» Exercise requirements: Give again, word for word, only the lines of the material below from its first line through the one that holds "Препарат - Швейцария."; pictures stay out.

» Records for this task:
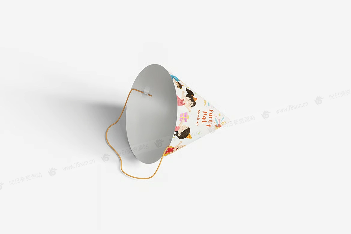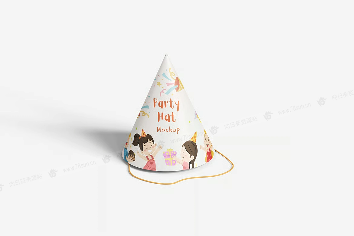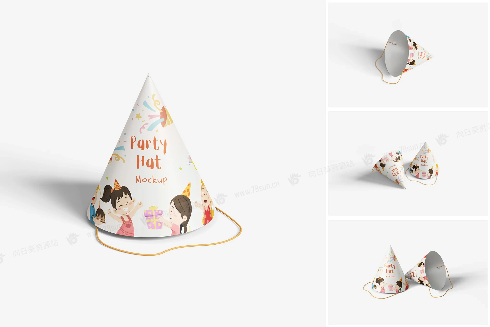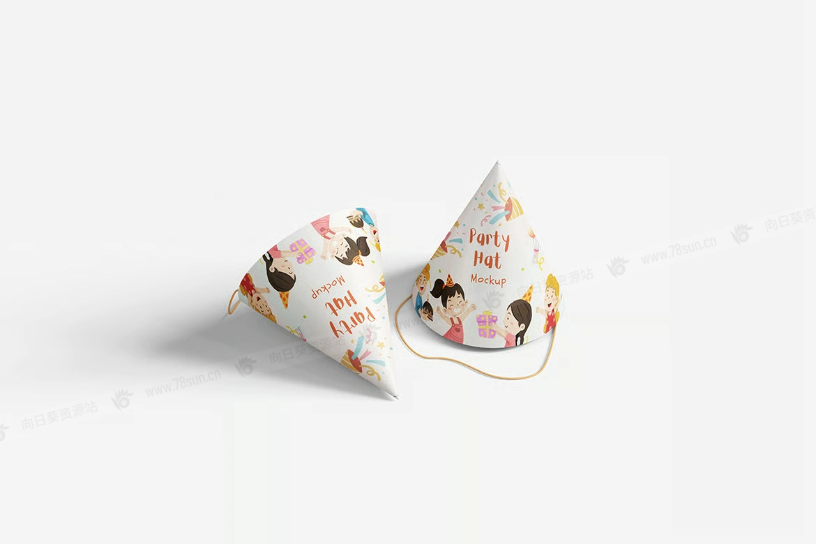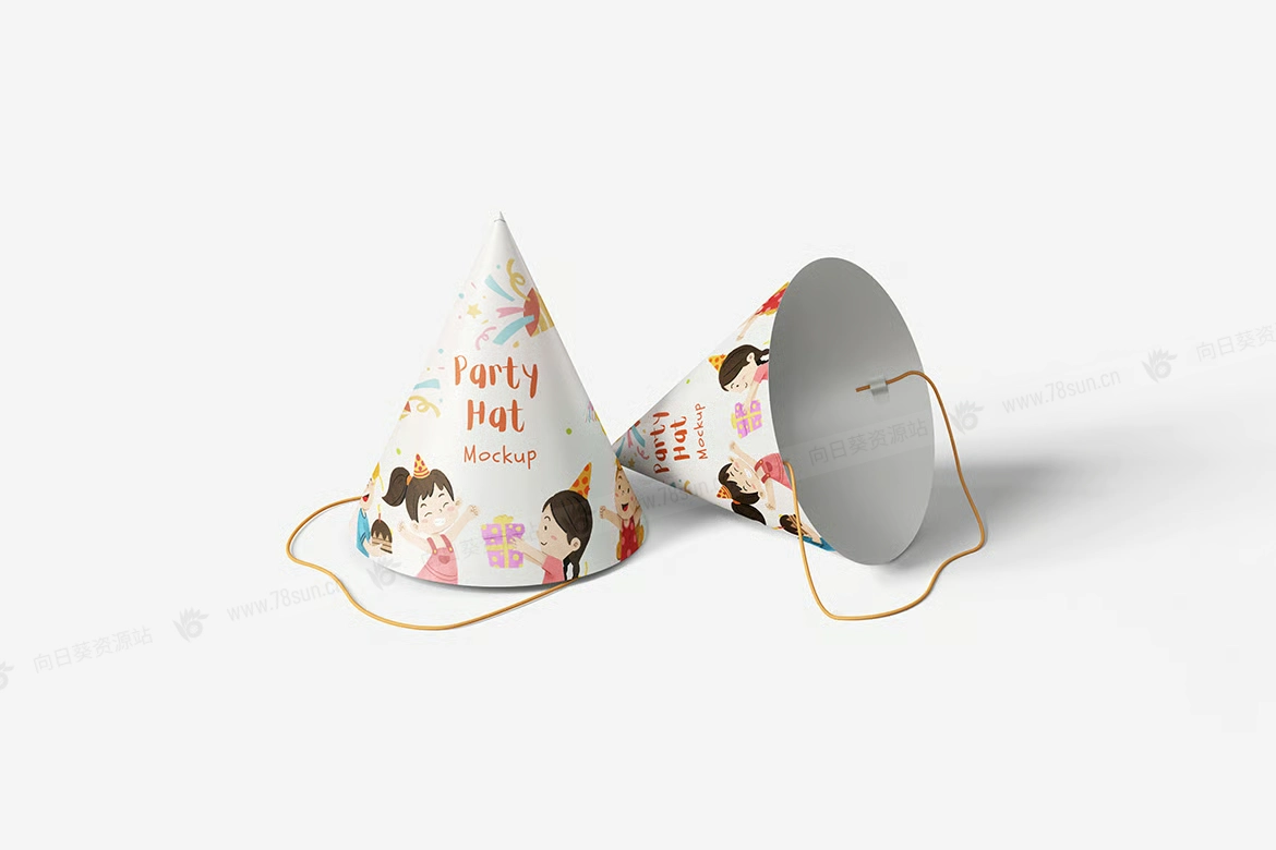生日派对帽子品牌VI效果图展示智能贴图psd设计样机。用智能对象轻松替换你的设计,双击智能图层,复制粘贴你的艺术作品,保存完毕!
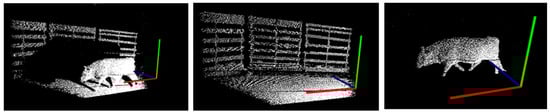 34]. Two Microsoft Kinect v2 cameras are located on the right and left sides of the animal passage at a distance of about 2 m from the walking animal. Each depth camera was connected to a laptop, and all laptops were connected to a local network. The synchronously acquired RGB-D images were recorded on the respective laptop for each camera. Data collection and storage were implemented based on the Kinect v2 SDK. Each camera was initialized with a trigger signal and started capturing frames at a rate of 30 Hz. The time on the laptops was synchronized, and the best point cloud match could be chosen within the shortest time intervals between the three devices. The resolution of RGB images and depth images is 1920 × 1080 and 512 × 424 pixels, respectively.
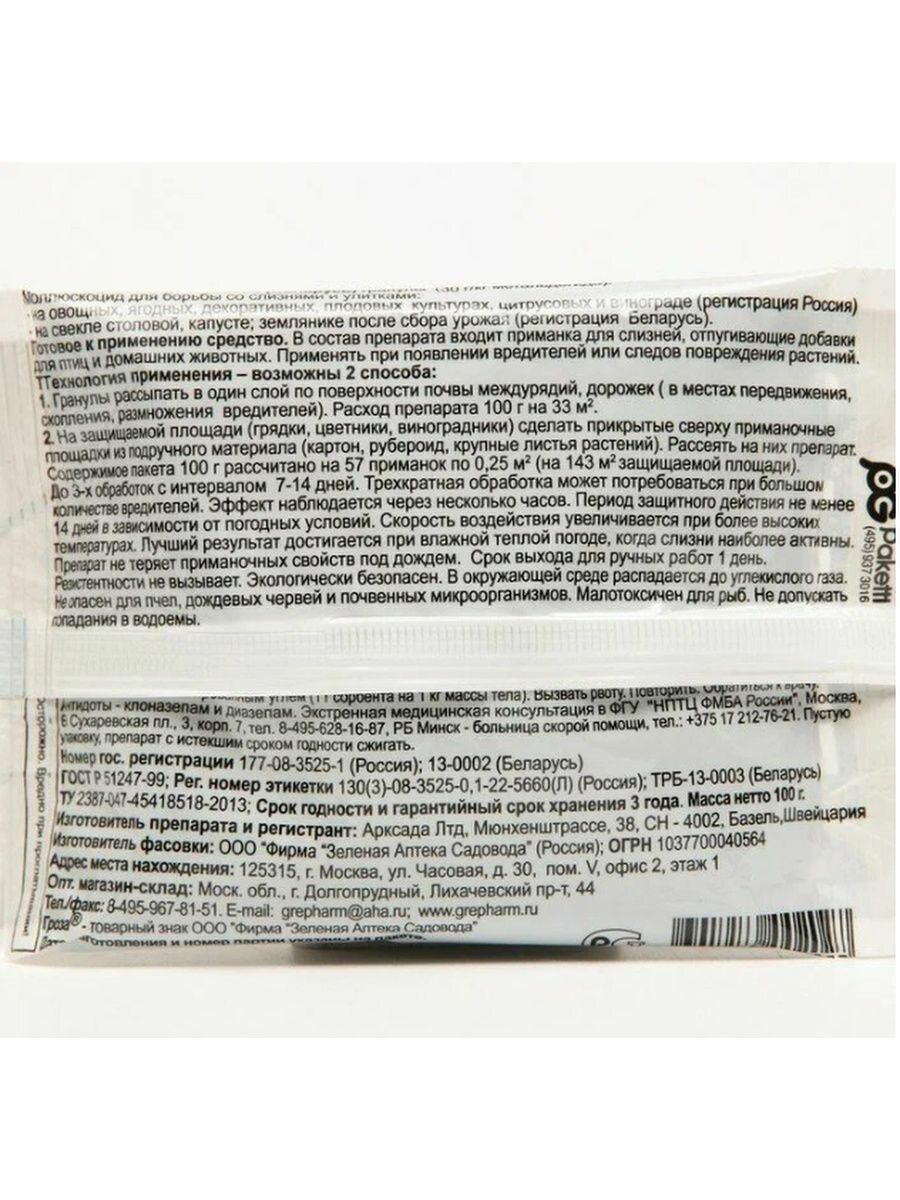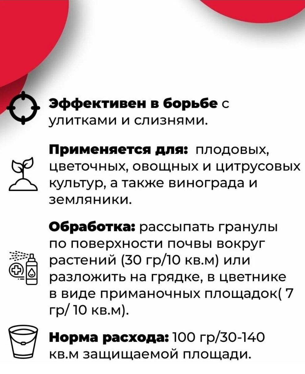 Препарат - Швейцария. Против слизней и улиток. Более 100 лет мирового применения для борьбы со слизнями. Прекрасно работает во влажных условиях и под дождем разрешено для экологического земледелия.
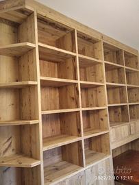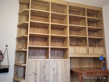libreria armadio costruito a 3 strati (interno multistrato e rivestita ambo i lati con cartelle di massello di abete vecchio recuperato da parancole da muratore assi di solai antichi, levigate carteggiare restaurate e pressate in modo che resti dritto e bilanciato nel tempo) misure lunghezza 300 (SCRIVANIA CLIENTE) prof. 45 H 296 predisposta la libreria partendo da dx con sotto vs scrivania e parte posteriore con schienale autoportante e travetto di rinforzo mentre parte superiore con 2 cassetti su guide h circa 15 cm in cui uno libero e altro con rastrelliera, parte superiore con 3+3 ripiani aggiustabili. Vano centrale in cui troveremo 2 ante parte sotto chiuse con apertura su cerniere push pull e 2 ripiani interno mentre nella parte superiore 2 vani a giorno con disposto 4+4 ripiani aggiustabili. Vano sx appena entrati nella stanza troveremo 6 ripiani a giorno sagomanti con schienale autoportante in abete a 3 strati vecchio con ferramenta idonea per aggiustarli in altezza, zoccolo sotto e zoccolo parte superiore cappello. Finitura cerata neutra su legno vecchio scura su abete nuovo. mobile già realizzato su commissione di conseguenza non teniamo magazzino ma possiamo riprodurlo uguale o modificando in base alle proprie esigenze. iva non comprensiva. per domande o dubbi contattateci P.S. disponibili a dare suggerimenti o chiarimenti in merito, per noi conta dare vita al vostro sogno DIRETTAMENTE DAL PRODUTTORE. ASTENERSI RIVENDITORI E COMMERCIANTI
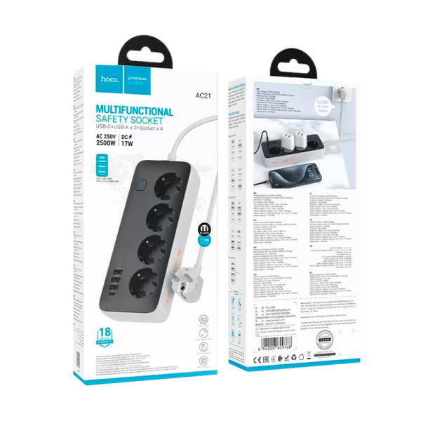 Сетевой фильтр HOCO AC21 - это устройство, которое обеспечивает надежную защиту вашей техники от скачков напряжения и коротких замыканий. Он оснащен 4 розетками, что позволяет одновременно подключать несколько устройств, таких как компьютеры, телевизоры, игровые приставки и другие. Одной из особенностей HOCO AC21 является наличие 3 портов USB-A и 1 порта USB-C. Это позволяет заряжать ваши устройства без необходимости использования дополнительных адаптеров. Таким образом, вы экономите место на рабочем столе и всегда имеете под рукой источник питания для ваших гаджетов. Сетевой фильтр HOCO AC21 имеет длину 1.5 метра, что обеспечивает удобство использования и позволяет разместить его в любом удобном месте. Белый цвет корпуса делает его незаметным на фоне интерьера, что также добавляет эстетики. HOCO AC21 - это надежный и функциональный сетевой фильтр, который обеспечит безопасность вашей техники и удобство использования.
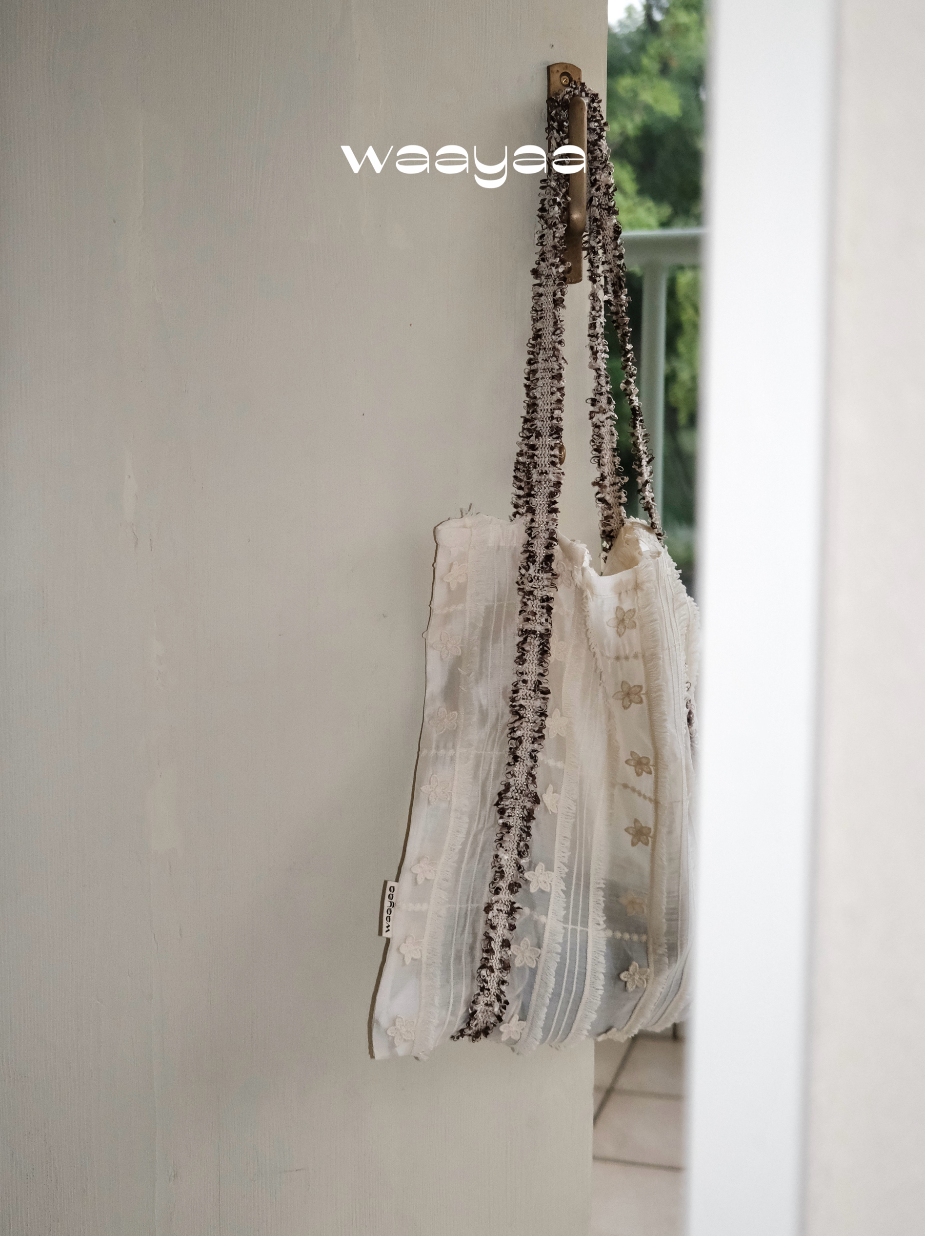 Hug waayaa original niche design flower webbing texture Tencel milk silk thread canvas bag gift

» Task result:
生日派对帽子品牌VI效果图展示智能贴图psd设计样机。用智能对象轻松替换你的设计,双击智能图层,复制粘贴你的艺术作品,保存完毕!
 34]. Two Microsoft Kinect v2 cameras are located on the right and left sides of the animal passage at a distance of about 2 m from the walking animal. Each depth camera was connected to a laptop, and all laptops were connected to a local network. The synchronously acquired RGB-D images were recorded on the respective laptop for each camera. Data collection and storage were implemented based on the Kinect v2 SDK. Each camera was initialized with a trigger signal and started capturing frames at a rate of 30 Hz. The time on the laptops was synchronized, and the best point cloud match could be chosen within the shortest time intervals between the three devices. The resolution of RGB images and depth images is 1920 × 1080 and 512 × 424 pixels, respectively.
 Препарат - Швейцария. Против слизней и улиток. Более 100 лет мирового применения для борьбы со слизнями. Прекрасно работает во влажных условиях и под дождем разрешено для экологического земледелия.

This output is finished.